Problem details
The line with "The ANGA team" marks the first line to copy, and the line with "Eurytus seizes Hippodames" marks the last. Transcribe that stretch of the data below exactly, without pictures.

Stored data entries
.....

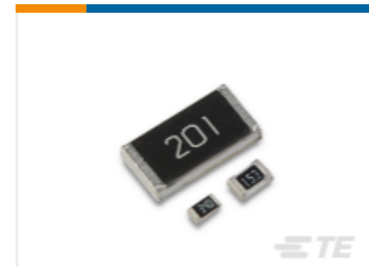
TE Part # 2-2176328-1 CRGP 1206 470R 1%
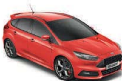
Race Red Solid body colour
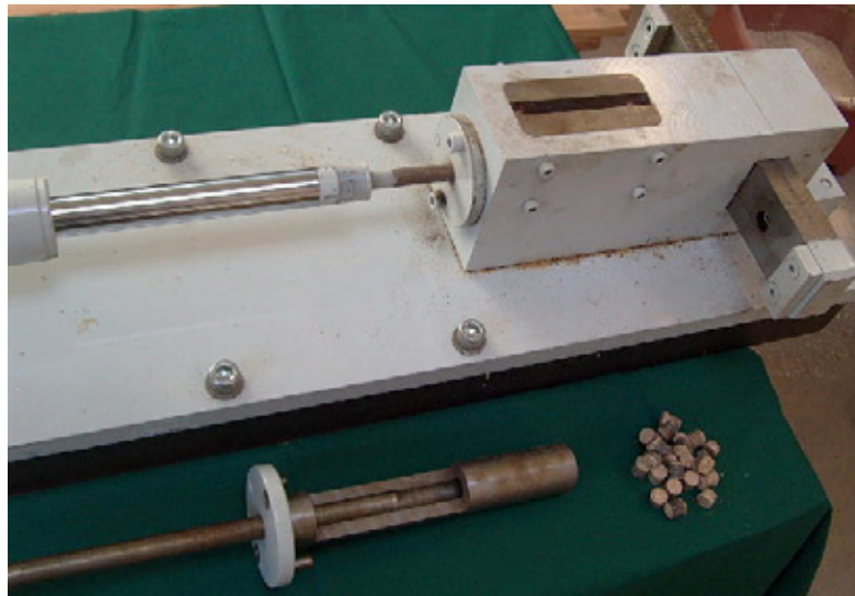
Figure 1: The pellet test rig. The piston used in these trials had a diameter of 12mm.

A suitable small scale pellet mill/test rig was constructed to this specification by Dragon Machinery (Dragon Works, New Inn, Pencader, Carmarthenshire SA39 9AY)
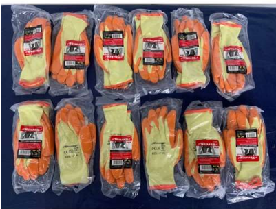
11. V - 12 X NEW NEILSON CRINKLE LATEX COATED WORK GLOVE SIZE 10" XL
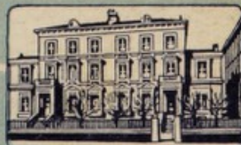
MATERNITY NURSING ASSOCN.
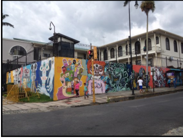
Photograph taken in Costa Rica.
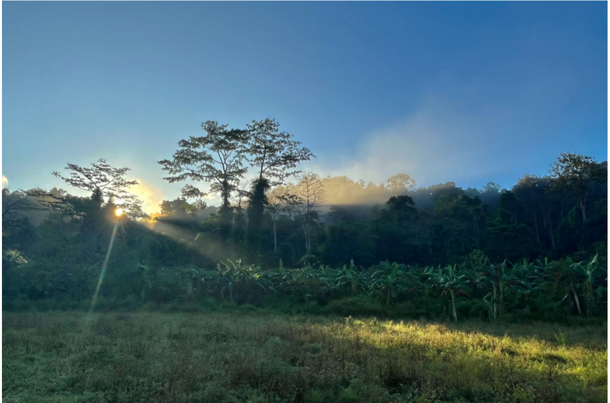
Forest edge
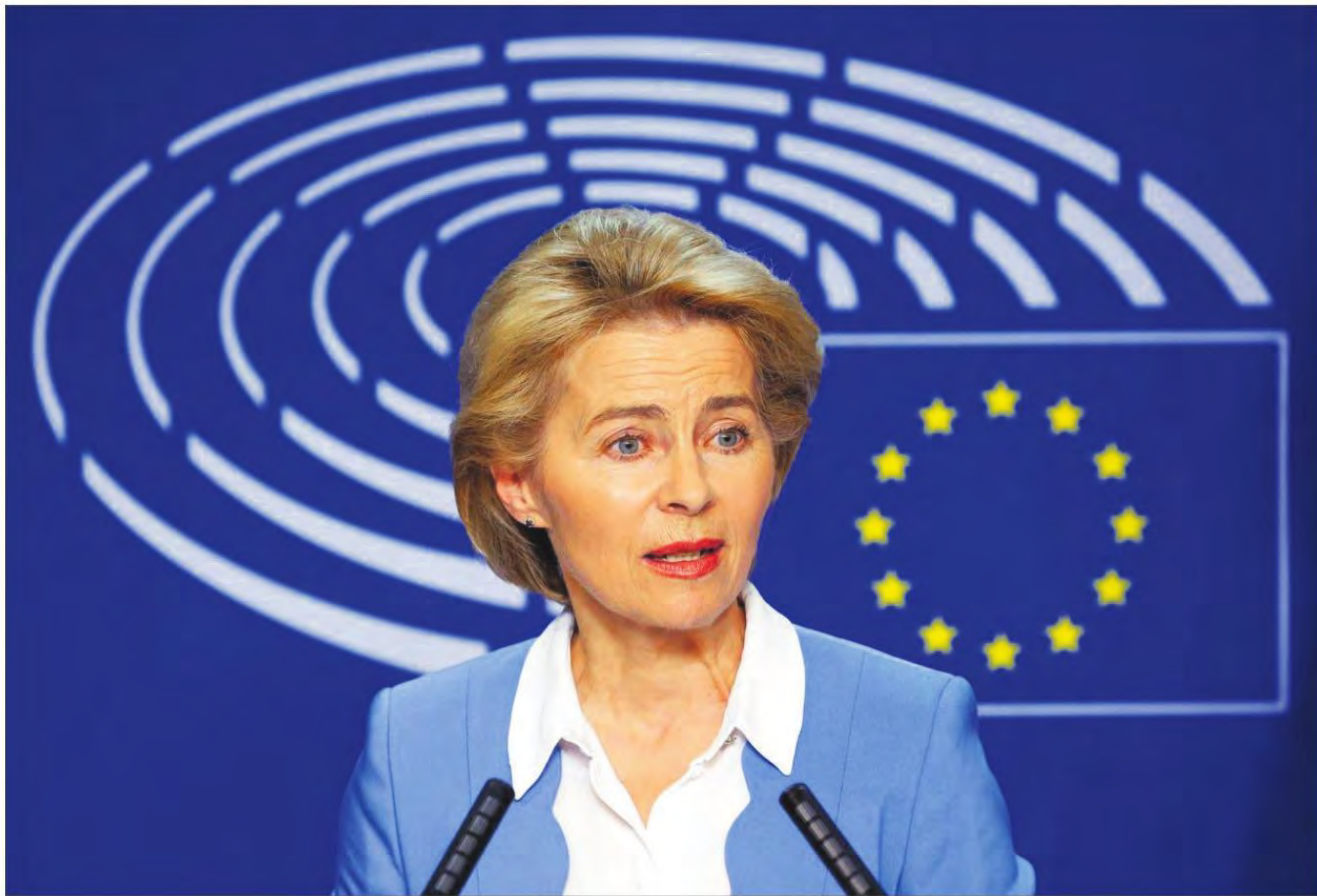
Ursula von der Leyen hails from the EPP but is not considered "one of us" among its parliamentary ranks.

Why the incoming boss of the European Commission is struggling
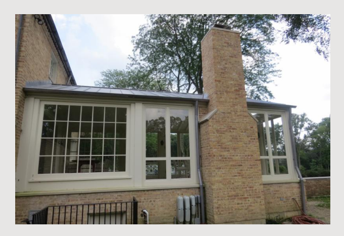
Finished construction with SimpleSwitch windows.
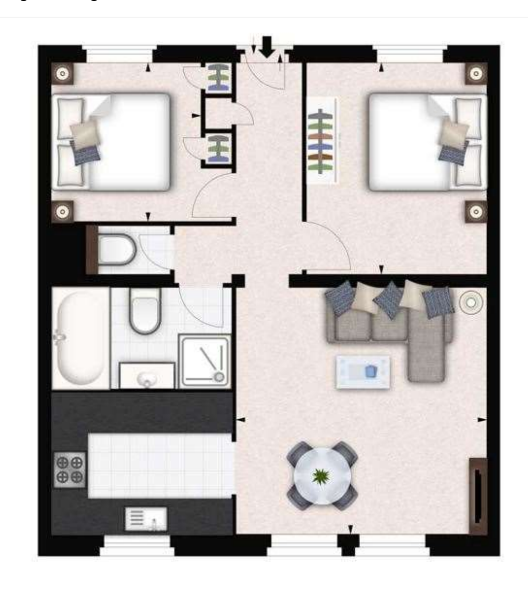
This floorplan is for illustration purposes only and is not to scale. The position and size of doors, windows, appliances and other features are approximate.

This newly decorated, interior designed superb two-bedroom apartment is set over 675 sq ft located in the heart of South Kensington. The apartment consists of a large bright reception room with which opens onto a modern open plan kitchen with fully integrated appliances and stone worktops, two double bedrooms, a modern fitted bathroom, and a guest cloakroom. The apartment is situated on the third floor of a private ported building benefiting from lift service.
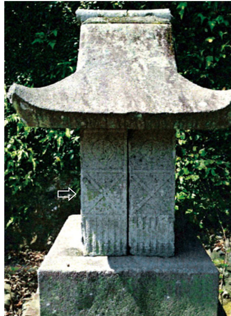
↑ Shrine for Kuwahime The mark of the St. Andrew's cross is found under the family emblem of the Otomo family

(Produced by the NANBAN Culture Promotion Division)
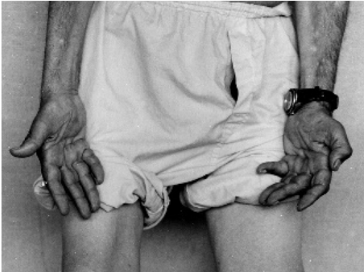
Figure 3: Wasting of hand muscles in patient with CMT1A

Adapted from Berciano J, Gallardo E, Garcia A, et al. Charcot-Marie-Tooth disease type 1A duplication with severe paresis of the proximal lower limb muscles: a long-term follow-up study. J Neurol Neurosurg Psychiatry. 2006 Oct;77(10):1169-76
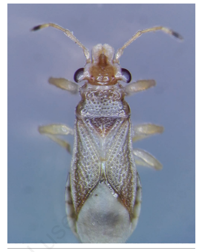
Figure 2. Adult of Thaumastocoris peregrinus.

This is possible thanks to its reception of volatile substances produced by the plants, that are quantitatively and qualitatively different from those produced by already infested trees (Martins and Zarbin, 2013).
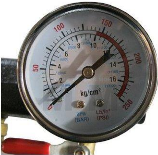
Easy to Reach on/off Button on the Air Compressor
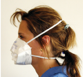
N95 respirators can help protect your lungs from wildfire smoke. Straps must go above and below the ears.
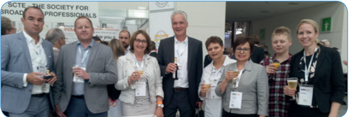
The ANGA team at the SCTE booth party at ANGA COM
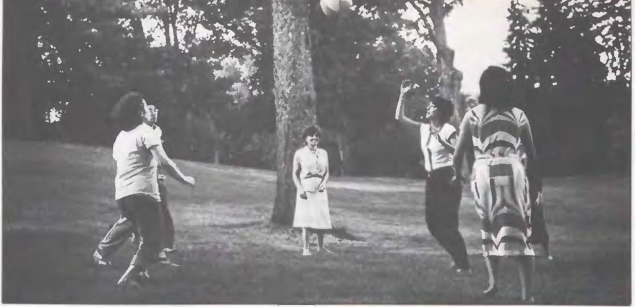
Workshop participants relax with games at Belvedere.
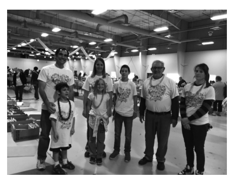
B & R volunteers book sale
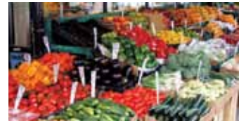
Retro clothing and fresh food—two of Kensington Market BIA's draws
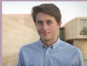
John Proctor A farmer who lives just outside Salem with his wife Elizabeth and their four sons; months prior to the play beginning, he had an affair with Abigail Williams
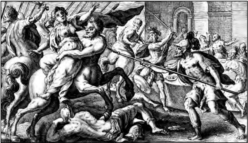
Eurytus seizes Hippodames

Ovid tightens the structure, with echoes between the books. In Book X two thirds of the way through Orpheus sings the stories, while in the earlier corresponding Book V, his mother Calliope, the Muse, sings them. The mock-heroic fight scenes of Perseus and Phineus, the Calydonian Boar hunt, and the Lapiths and Centaurs, are placed in Books V, VIII and XII, to balance and weigh the narrative. And, by pure chance, there is a humble image of the whole work, at its heart, in Book VIII:611, on the table of Philemon and Baucis. 'In the centre was a gleaming honeycomb.'

.....

Solution for this exercise
The ANGA team at the SCTE booth party at ANGA COM
Workshop participants relax with games at Belvedere.
B & R volunteers book sale
Retro clothing and fresh food—two of Kensington Market BIA's draws
John Proctor A farmer who lives just outside Salem with his wife Elizabeth and their four sons; months prior to the play beginning, he had an affair with Abigail Williams
Eurytus seizes Hippodames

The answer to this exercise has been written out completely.